**WORK INSTRUCTIONS**
Transcribe all of the data exactly. Images stay out.

**INFORMATION PROVIDED**
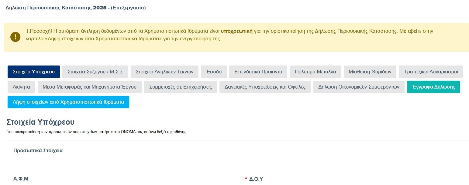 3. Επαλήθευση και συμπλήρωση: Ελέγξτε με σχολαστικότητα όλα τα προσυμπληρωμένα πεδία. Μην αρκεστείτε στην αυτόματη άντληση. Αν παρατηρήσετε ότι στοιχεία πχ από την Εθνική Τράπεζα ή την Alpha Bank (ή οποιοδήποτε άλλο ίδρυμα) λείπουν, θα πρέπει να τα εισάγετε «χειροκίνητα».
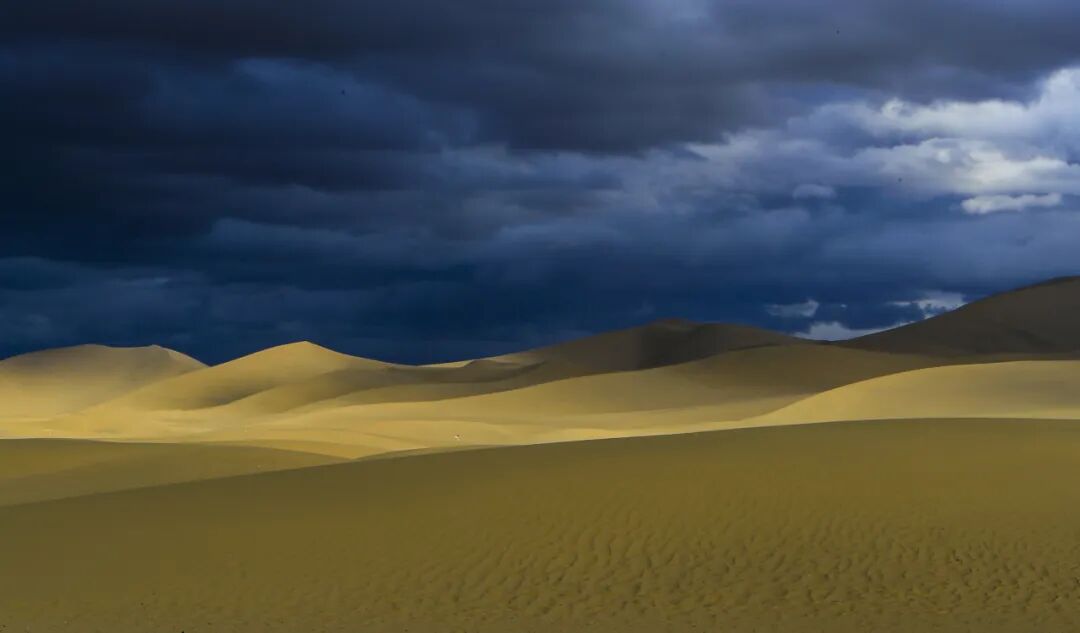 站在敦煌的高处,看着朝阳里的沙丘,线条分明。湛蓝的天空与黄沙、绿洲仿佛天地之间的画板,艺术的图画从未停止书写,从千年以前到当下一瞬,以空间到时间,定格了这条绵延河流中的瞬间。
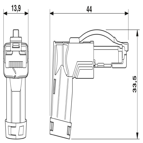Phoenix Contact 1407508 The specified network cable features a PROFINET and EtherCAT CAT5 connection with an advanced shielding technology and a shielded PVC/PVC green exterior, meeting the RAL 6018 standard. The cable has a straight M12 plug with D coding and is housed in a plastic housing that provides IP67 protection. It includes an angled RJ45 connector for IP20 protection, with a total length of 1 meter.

**THE ANSWER**
 3. Επαλήθευση και συμπλήρωση: Ελέγξτε με σχολαστικότητα όλα τα προσυμπληρωμένα πεδία. Μην αρκεστείτε στην αυτόματη άντληση. Αν παρατηρήσετε ότι στοιχεία πχ από την Εθνική Τράπεζα ή την Alpha Bank (ή οποιοδήποτε άλλο ίδρυμα) λείπουν, θα πρέπει να τα εισάγετε «χειροκίνητα».
 站在敦煌的高处,看着朝阳里的沙丘,线条分明。湛蓝的天空与黄沙、绿洲仿佛天地之间的画板,艺术的图画从未停止书写,从千年以前到当下一瞬,以空间到时间,定格了这条绵延河流中的瞬间。
Phoenix Contact 1407508 The specified network cable features a PROFINET and EtherCAT CAT5 connection with an advanced shielding technology and a shielded PVC/PVC green exterior, meeting the RAL 6018 standard. The cable has a straight M12 plug with D coding and is housed in a plastic housing that provides IP67 protection. It includes an angled RJ45 connector for IP20 protection, with a total length of 1 meter.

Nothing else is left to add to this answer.